# Termite or safe?



## DangerMouse (Jul 17, 2008)

This may help: http://www.diychatroom.com/f98/how-resize-photos-post-them-here-110722/
Your linked photos are huge and my slow connection won't let them load.

DM


----------



## VividBlank (Aug 7, 2011)

I'm sorry about that! I've resized and put them as images rather thank links.

If I need any further editing of the pictures please don't hesitate to slap my hand again. xD'


----------



## chrisn (Dec 23, 2007)

I am no expert, but that does not look like a termite yo me.


----------



## oh'mike (Sep 18, 2009)

That's not a termite----Don't know the name but that's a common thing to find in the woods.
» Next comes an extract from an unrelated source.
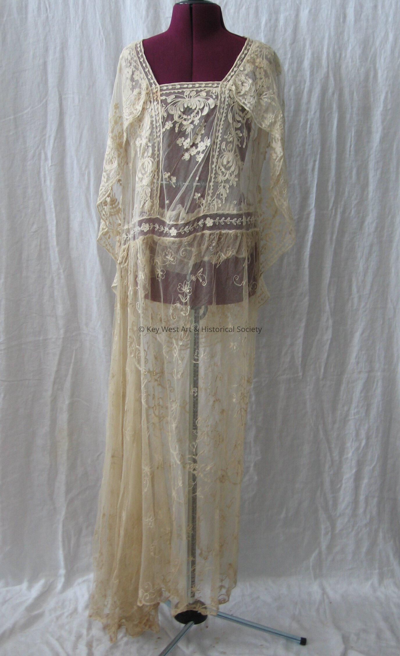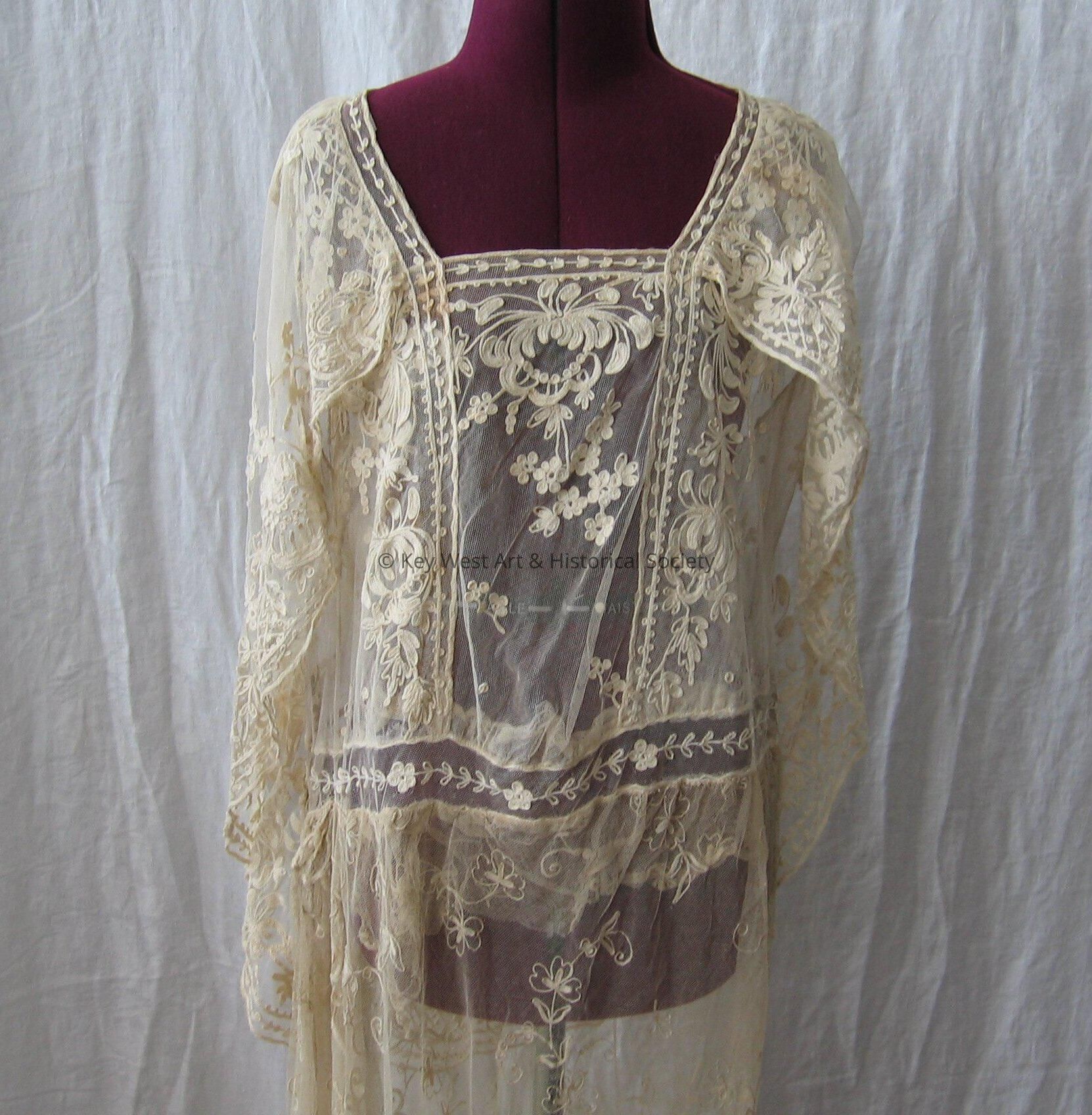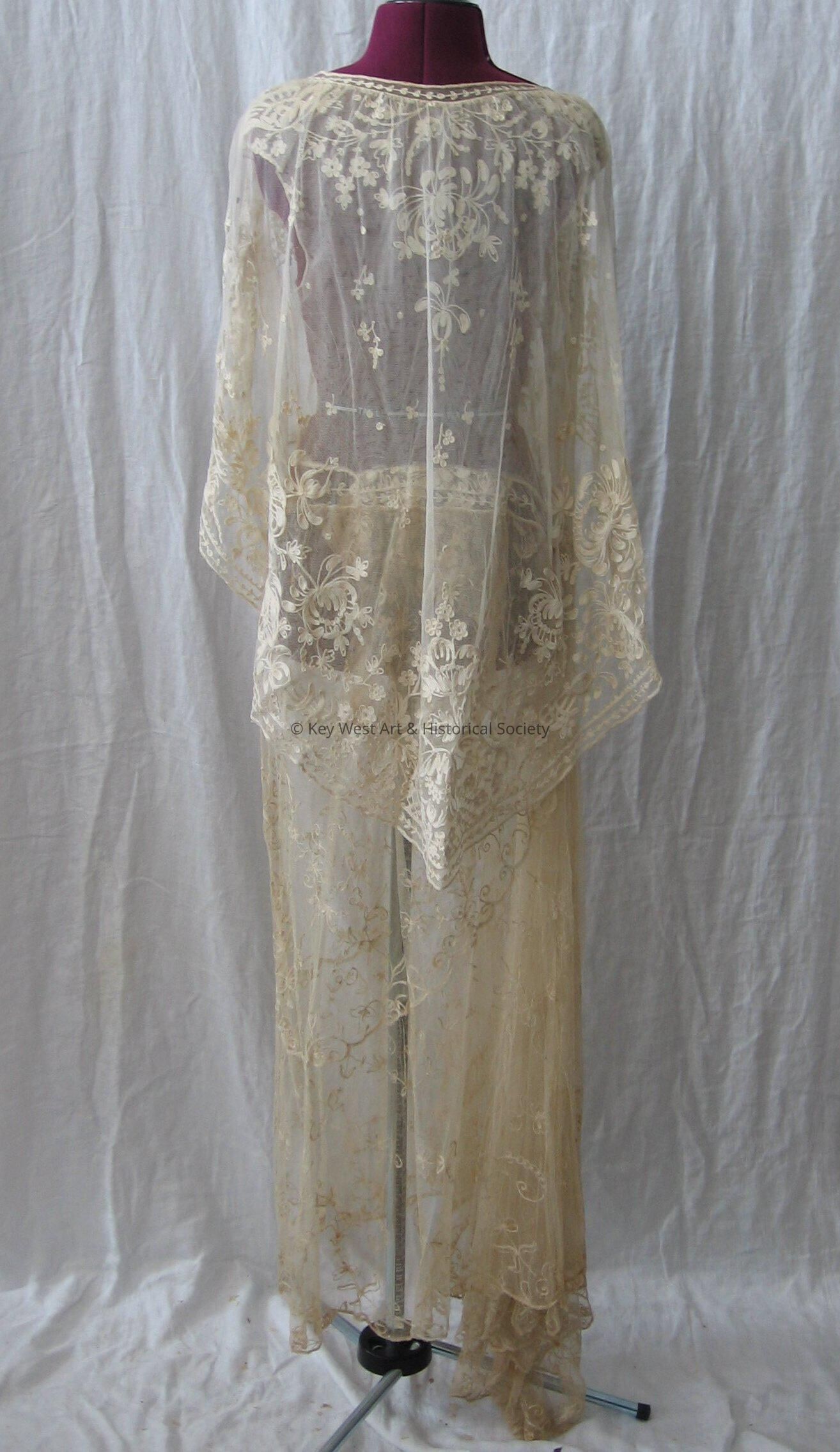 Sheer dress with white lace detailing and a gathered shoulder train. Likely a top layer for a wedding dress.

He's lost---send him on his way back outside.


----------



## PAbugman (Jun 29, 2010)

Don't know what it is, but everyone else is correct-it is not a termite. It's what we call an accidental invader.


----------



## More Power! (Aug 2, 2011)

I concur: Not a termite. Take him back outside where he belongs, and where he'll almost certainly be happier


----------



## VividBlank (Aug 7, 2011)

Ah, that's good to know. Quite a relief!

To update everyone on the little guy, shortly after his photo session I released him back into the night... so I suppose we're both quite happy now 

Thank you all for your help and guidance.


----------